The quantum disruption is coming

To understand where we are in this tale, consider Google’s recently announced breakthrough with the Willow chip. The critical takeaway here is that engineers have successfully built a quantum system that reduces errors as the number of qubits are scaled up. Error checking is essential in all computer systems but it’s especially so in quantum systems, where decoherence is always nipping at particles, threatening to cause them to lose their entanglement by interaction with the macro environment.

It’s also important to note that Willow scaled up to an array of 7×7 physical qubits. That’s still a pretty modest size, even though it does open up impressive capabilities. There will come a moment when quantum computing makes the leap from experimental projects to being a useful computing resource. It probably won’t be 2025, but the quantum disruption is coming. It is such an exploratory area of research that it’s hard to predict its impact.

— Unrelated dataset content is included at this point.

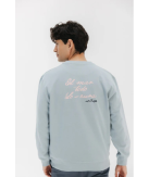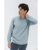 Sudadera confeccionada en 100% algodón orgánico en color azul grisáceo. Logo en frontal y print trasero el mar todo lo-cura. Relaxed fit y cuello redondo.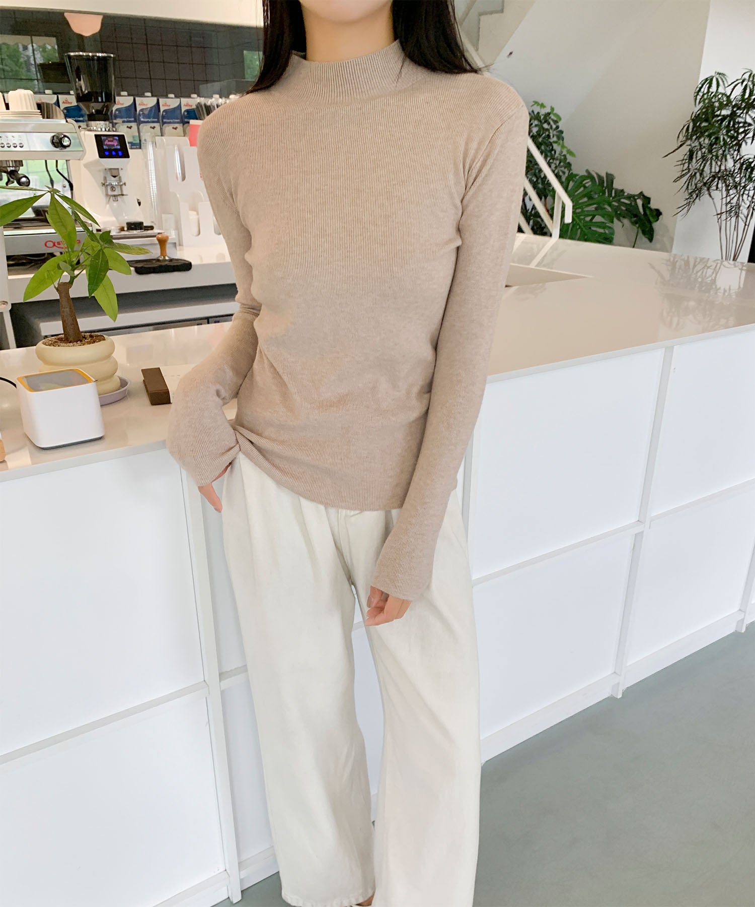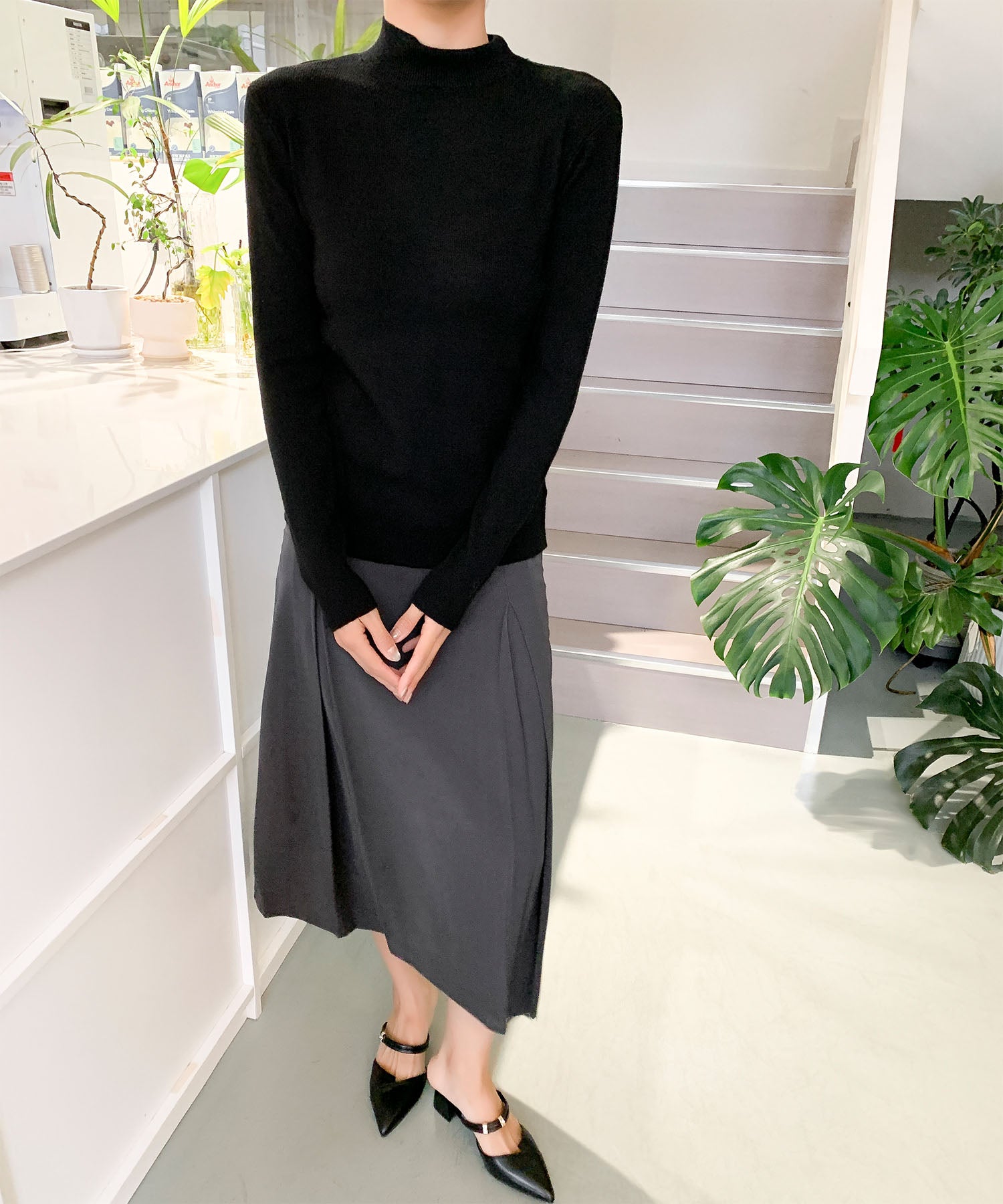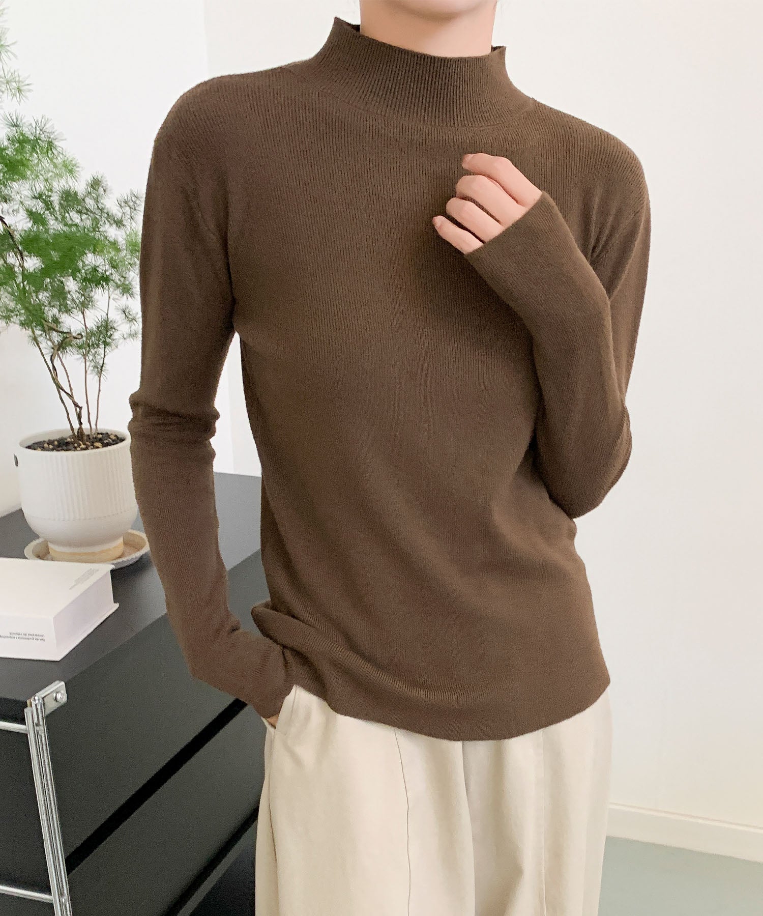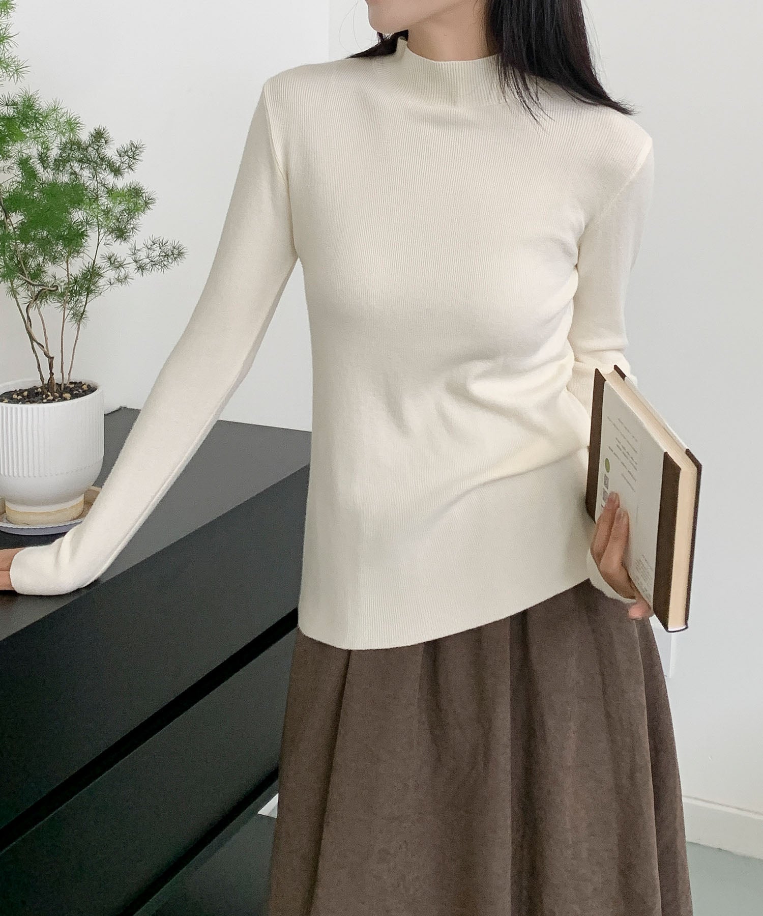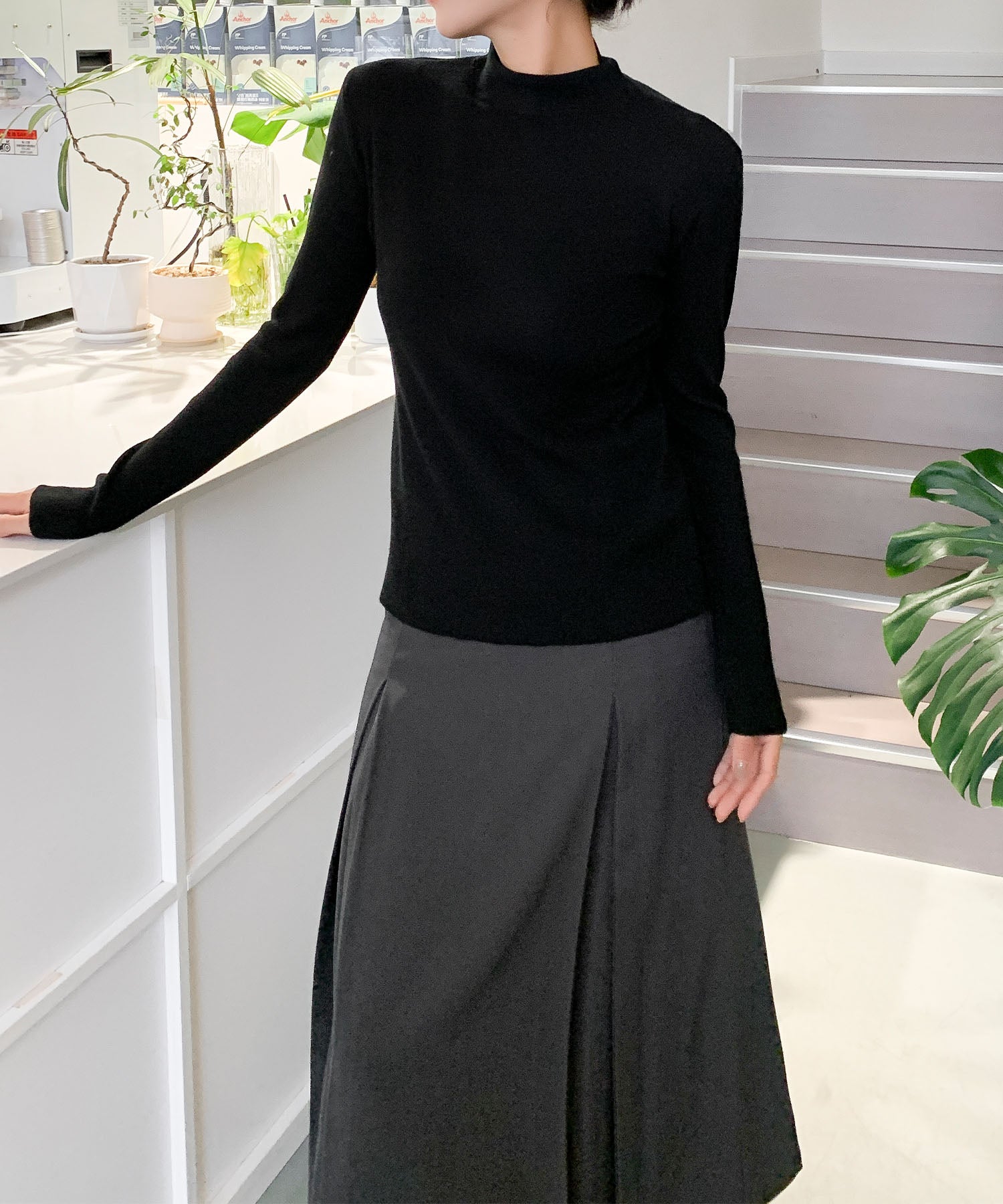 立ち襟の程よいアクセントが首元をすっきり見せ、ジャケットのインナーにも一枚着にも対応可能。季節の変わり目から秋冬シーズンまで、幅広いシーンで重宝します。

On the philosophical side, you might wonder what quantum says about the nature of reality. Not only do quantum experiments point to something entirely different from causation as we know it, but it’s possible to build machines that utilize this characteristic. A quantum computer essentially takes an object while it’s in an unknown condition (framed by probabilities) and proposes a question to it. We then decipher the question to back to its known state, where it’s possible to derive useful data from that “trip into the unknown.”

Quantum hasn’t fully arrived, but there’s every reason to believe it’s coming. Technologists should keep an eye on the quantum space. Watch for where and when the quantum industry makes itself felt in the areas you are engaged with. Be ready to leap when it comes.